Truly Random MIDI Control

Generating random data is incredibly hard, and most of the random data around you isn’t truly random, but merely pseudo-random. For really random data, you’ll have to look at something like radioactive decay or *holds up spork* something like this. YouTube commenters will also suffice. The idea of using random data for generating musical notes is nothing new, but [Danny]’s experimental MIDI controller is something else. It’s a MIDI controller with the control removed, generating random musical notes based on radioactive decay.

The design of this controller is based on an off-the-shelf Geiger counter kit attached to an Arduino. The Arduino code simply counts up in a loop, and when the Geiger tube is triggered, an interrupt sets off a bit of code to generate a MIDI note. That’s simple enough, but where this project excels is its documentation. There’s a zine going through all the functions of this MIDI controller.

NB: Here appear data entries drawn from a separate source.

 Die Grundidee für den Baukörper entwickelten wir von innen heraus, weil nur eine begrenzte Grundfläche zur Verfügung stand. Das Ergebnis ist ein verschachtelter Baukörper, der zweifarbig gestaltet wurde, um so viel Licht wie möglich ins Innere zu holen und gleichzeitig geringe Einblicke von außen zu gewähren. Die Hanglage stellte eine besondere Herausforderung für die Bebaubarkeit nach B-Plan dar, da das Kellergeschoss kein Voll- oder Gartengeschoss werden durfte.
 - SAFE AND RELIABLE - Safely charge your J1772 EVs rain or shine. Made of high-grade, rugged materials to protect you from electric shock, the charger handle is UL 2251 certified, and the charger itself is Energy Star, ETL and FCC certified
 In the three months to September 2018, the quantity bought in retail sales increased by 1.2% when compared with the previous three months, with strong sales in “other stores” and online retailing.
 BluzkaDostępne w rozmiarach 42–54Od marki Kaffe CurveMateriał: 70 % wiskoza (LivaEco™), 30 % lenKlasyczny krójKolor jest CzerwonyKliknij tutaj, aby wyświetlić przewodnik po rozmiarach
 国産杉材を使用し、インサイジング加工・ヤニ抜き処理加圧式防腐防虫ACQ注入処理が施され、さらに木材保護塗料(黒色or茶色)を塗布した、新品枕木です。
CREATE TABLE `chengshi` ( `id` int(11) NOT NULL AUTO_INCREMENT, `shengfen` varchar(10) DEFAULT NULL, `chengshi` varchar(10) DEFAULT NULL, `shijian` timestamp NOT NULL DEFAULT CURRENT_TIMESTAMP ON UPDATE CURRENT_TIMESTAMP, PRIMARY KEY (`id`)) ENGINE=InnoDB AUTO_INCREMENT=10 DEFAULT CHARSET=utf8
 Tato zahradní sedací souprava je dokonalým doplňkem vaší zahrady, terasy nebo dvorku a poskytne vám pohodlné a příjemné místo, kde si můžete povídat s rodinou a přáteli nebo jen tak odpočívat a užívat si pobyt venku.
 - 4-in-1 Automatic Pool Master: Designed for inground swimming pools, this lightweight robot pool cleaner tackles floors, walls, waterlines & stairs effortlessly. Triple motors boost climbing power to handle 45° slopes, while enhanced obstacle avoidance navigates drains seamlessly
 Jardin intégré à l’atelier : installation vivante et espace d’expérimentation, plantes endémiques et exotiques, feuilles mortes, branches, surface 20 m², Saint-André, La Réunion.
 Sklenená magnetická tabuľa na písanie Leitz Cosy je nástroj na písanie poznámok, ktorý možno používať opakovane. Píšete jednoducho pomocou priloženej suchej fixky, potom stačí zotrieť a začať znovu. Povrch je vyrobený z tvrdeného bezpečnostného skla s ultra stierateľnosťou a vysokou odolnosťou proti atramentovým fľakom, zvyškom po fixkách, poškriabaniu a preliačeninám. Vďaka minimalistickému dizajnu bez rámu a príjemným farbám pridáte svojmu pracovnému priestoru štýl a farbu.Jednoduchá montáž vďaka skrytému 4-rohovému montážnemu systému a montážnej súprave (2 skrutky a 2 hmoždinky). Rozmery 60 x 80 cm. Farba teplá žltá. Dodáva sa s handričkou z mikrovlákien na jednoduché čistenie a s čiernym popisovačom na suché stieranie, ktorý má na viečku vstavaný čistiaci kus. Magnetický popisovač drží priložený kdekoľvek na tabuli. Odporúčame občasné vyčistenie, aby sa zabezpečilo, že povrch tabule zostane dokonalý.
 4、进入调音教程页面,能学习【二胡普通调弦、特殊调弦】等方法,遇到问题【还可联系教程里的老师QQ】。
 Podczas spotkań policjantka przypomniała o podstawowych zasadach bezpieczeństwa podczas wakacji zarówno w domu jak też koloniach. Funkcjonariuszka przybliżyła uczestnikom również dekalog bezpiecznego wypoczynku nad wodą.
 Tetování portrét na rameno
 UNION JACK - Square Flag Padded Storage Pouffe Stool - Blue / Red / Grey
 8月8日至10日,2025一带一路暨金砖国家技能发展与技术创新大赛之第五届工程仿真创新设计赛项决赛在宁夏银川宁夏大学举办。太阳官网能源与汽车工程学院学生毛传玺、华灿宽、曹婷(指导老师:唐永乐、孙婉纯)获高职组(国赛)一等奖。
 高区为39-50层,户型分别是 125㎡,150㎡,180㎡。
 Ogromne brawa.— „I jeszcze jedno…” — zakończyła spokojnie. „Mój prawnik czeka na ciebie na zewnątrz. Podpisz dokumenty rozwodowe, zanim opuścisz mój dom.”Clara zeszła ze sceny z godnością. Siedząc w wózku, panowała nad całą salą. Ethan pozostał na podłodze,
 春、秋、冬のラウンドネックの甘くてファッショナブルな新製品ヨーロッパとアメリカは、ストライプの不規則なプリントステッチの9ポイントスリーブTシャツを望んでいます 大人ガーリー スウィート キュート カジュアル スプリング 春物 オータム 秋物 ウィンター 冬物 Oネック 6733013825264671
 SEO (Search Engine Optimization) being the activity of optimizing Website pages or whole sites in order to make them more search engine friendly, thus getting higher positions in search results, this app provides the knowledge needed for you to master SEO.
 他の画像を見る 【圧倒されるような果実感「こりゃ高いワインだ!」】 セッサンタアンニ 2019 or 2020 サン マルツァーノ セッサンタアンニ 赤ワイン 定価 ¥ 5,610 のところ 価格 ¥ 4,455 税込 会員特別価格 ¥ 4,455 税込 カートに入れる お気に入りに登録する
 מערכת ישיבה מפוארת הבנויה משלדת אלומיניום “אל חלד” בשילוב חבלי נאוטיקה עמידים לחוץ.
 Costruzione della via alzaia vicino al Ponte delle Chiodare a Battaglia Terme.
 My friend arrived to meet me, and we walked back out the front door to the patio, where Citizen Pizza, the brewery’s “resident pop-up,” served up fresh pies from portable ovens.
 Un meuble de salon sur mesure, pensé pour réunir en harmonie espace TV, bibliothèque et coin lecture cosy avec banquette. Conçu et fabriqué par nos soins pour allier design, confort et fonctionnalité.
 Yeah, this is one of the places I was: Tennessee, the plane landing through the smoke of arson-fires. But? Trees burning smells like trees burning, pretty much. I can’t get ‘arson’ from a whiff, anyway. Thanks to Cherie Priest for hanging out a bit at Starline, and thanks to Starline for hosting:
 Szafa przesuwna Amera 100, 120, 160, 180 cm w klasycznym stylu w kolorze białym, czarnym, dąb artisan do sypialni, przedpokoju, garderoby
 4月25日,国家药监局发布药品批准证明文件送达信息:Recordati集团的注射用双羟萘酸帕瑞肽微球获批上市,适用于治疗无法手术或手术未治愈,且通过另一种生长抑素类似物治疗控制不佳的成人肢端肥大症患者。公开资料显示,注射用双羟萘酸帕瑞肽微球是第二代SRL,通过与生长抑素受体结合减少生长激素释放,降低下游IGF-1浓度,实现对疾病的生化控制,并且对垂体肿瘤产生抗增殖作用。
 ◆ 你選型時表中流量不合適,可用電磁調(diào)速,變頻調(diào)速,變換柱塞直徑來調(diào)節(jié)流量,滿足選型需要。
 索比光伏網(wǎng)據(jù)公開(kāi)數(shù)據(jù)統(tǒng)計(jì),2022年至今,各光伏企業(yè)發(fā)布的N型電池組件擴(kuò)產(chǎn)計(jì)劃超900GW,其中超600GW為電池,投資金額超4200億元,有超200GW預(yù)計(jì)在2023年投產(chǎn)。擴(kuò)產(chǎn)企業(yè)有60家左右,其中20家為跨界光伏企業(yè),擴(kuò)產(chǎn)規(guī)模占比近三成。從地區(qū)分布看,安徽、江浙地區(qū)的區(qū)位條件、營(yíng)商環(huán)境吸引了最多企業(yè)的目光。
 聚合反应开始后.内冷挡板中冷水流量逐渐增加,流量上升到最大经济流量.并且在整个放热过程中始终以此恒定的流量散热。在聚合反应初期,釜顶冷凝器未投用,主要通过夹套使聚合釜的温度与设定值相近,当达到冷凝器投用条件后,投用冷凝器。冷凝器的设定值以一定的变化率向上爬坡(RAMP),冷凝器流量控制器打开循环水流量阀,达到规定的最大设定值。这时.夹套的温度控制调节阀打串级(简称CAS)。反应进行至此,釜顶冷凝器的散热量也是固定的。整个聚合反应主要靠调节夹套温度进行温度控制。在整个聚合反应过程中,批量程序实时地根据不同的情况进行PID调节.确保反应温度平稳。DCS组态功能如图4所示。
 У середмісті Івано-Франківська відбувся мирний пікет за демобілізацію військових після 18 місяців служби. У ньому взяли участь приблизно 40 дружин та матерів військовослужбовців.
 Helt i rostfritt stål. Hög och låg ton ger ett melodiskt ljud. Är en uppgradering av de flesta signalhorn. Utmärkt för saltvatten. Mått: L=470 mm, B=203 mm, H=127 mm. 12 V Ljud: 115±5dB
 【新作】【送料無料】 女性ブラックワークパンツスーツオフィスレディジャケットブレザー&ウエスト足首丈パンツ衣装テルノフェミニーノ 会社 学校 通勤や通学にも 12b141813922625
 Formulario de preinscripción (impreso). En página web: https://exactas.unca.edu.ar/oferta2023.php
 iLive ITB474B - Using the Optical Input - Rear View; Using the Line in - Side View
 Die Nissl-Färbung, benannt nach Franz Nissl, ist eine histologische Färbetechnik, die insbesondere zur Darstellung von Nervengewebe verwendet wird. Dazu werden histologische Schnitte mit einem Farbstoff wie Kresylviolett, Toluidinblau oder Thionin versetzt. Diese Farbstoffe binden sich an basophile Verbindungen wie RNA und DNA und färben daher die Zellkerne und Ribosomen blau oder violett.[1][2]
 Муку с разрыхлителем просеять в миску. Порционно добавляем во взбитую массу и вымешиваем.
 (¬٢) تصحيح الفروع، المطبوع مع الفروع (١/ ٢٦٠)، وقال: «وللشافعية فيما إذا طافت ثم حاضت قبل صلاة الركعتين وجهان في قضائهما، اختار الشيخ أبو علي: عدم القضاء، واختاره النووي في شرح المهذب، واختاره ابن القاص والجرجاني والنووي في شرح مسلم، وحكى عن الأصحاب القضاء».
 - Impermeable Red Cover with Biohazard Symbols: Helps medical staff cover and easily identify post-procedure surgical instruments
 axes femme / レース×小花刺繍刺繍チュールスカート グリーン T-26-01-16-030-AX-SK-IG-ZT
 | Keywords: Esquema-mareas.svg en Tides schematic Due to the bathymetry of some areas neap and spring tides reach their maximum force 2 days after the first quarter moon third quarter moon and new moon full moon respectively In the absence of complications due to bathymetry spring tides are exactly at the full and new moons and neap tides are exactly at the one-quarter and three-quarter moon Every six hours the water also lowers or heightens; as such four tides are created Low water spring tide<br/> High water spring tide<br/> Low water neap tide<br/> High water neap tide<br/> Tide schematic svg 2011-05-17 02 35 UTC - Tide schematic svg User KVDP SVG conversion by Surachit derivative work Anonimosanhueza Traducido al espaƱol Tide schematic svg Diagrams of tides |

There are single note or sequencer functions, a definable root note and scale type, an octave range, and velocity of the note can be set.

This is just a MIDI controller and doesn’t generate any noise on its own, but the video of the device in action shows off the range. [Danny] is getting everything from driving bass lines to strange ambient music out of this thing with the help of some synths and samplers. All the code and necessary files are available on the GitHub, with the video available below.

7 thoughts on “Truly Random MIDI Control

  1. I am not sure what the practical applications are, but this is very cool. Decades ago I would take MIDI drum patterns and change the module to a synth to see what new textures I could create. This looks like a lot more fun!
    Thanks for the info.

  2. Thanks for the write-up!

    I know there’s other, easier ways of generating random numbers – this was as much an artistic endeavour as it was an engineering one. From an artistic point of view there’s very little difference between pseudorandom and truly random, but the Geiger counter is an interesting thing to use.

    I’ve not mentioned it in the documentation, but one idea I had was to use it as the basis for a live performance which involves various radioactive objects and different levels of shielding, effectively using the radioisotope as the music source.